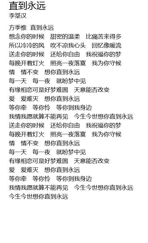 | [01:05.15] | 情 情不变 想你直到永远 |
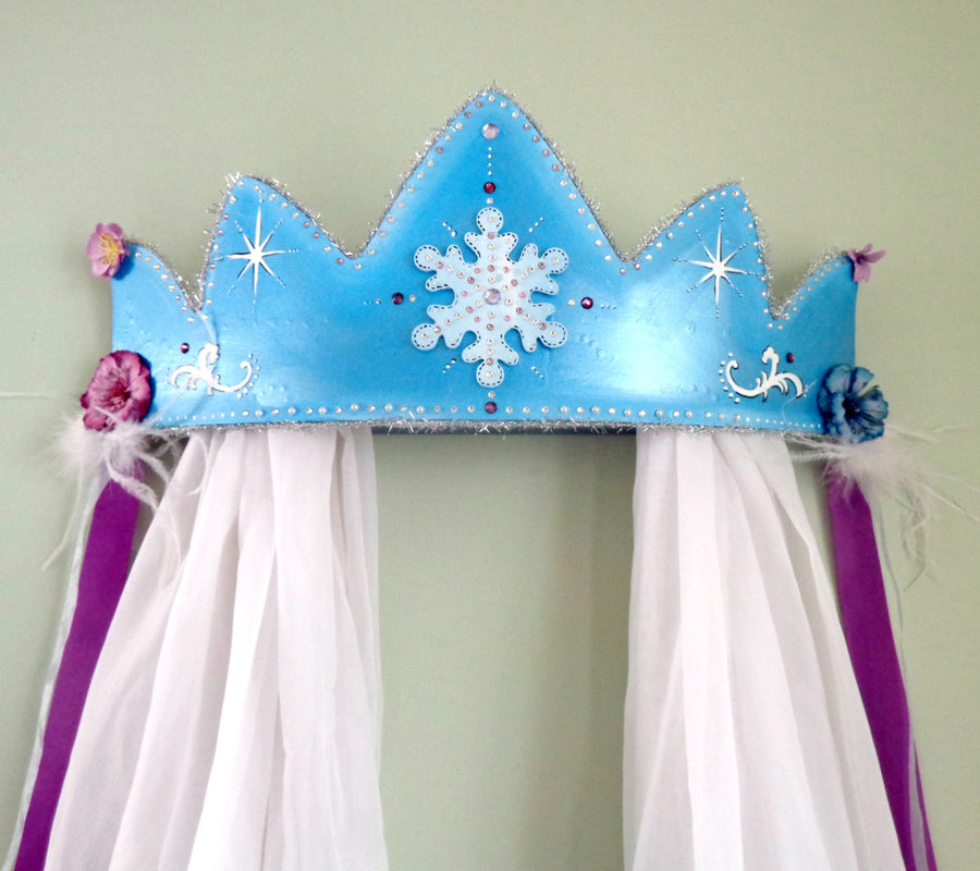 Snow Queen Bed Crown Canopy, Winter Princess Crown Canopy features a 3-D crown that sits out from the wall, painted in pearl blue with a centered white snowflake, hand painted winter swirl accents and shimmering Swarovski crystals. Each end of the crown canopy is adorned with sheer and satin hanging ribbons, silk flowers and white snow bursts. Snow Queen Bed Crown Canopy is accented with silver tinsel trim, crystals, white pearl beads along the top and bottom edges of crown and snowflake art. Glittering white tulle is included and draped over the inner hidden dowel. Tulle curtains measure about six feet long on either side, perfect for draping on either side of a bed, headboard or window.
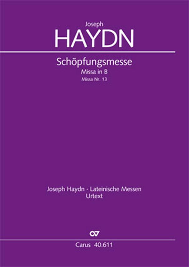 Schöpfungsmesse - Innerhalb von ca. sechs Wochen hat Haydn die Schöpungsmesse im Jahre 1801 als fünfte der insgesamt sechs späten Missae solemnes im Auftrag seines Dienstherrn Fürst Nikolaus II. Esterházy komponiert. Der Beiname 'Schöpfungsmesse' ist zwar nicht authentisch, gründet sich wohl aber auf das Zitat im 'Gloria' aus dem Oratorium 'Die Schöpfung'. Soli SATB, Coro SATB, 2 Ob, 2 Clt, 2 Fg, 2 Cor, 2 Tr, Timp, 2 Vl, Va, Vc/Cb, Org
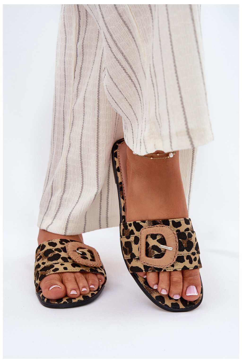 Dámské sandály na ploché podrážce vyrobené z textilního materiálu. Na přední straně je zdobená spona, která dodává styl a eleganci. Jsou to skvělá volba na letní dny, lehké, pohodlné a moderní, skvěle se hodí na každý den.
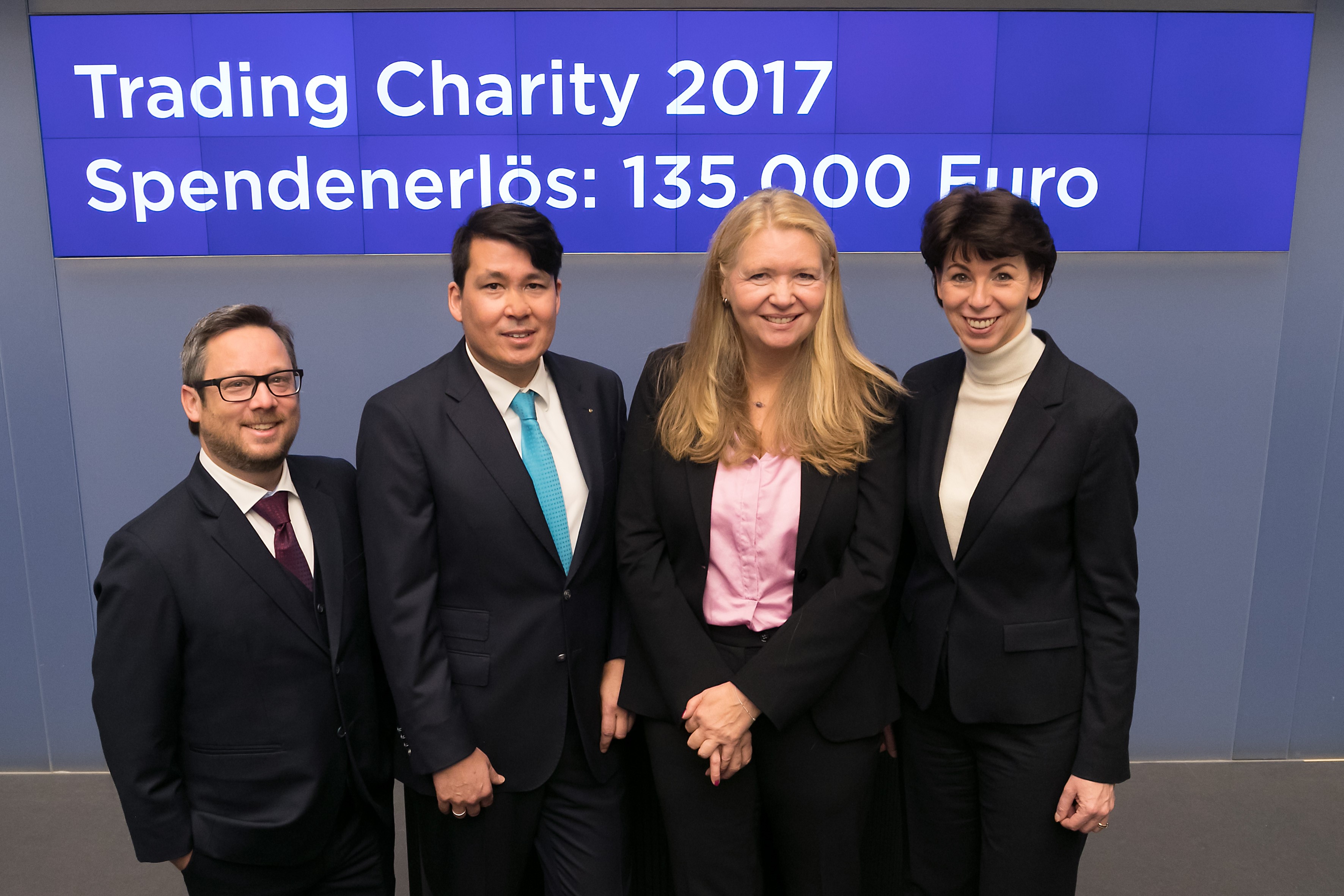 The trading floor specialists opted to donate their trading fees to the “Frankfurter Förderverein zur Bekämpfung von Tumorerkrankungen”, which aids treatment and support of the region's cancer patients. Deutsche Börse decided to donate to “Hilfe für krebskranke Kinder Frankfurt e.V.”, which works to improve the conditions of young patients and their families in inpatient and outpatient areas of the children's cancer clinic.

⁂

## WORK REQUIRED
Word for word, output the lines from the beginning of the listing through the line holding "Snow Queen Bed Crown Canopy, Winter" and nothing beyond them. Omit the pictures.

## OUTPUT FOR THIS TASK
 | [01:05.15] | 情 情不变 想你直到永远 |
 Snow Queen Bed Crown Canopy, Winter Princess Crown Canopy features a 3-D crown that sits out from the wall, painted in pearl blue with a centered white snowflake, hand painted winter swirl accents and shimmering Swarovski crystals. Each end of the crown canopy is adorned with sheer and satin hanging ribbons, silk flowers and white snow bursts. Snow Queen Bed Crown Canopy is accented with silver tinsel trim, crystals, white pearl beads along the top and bottom edges of crown and snowflake art. Glittering white tulle is included and draped over the inner hidden dowel. Tulle curtains measure about six feet long on either side, perfect for draping on either side of a bed, headboard or window.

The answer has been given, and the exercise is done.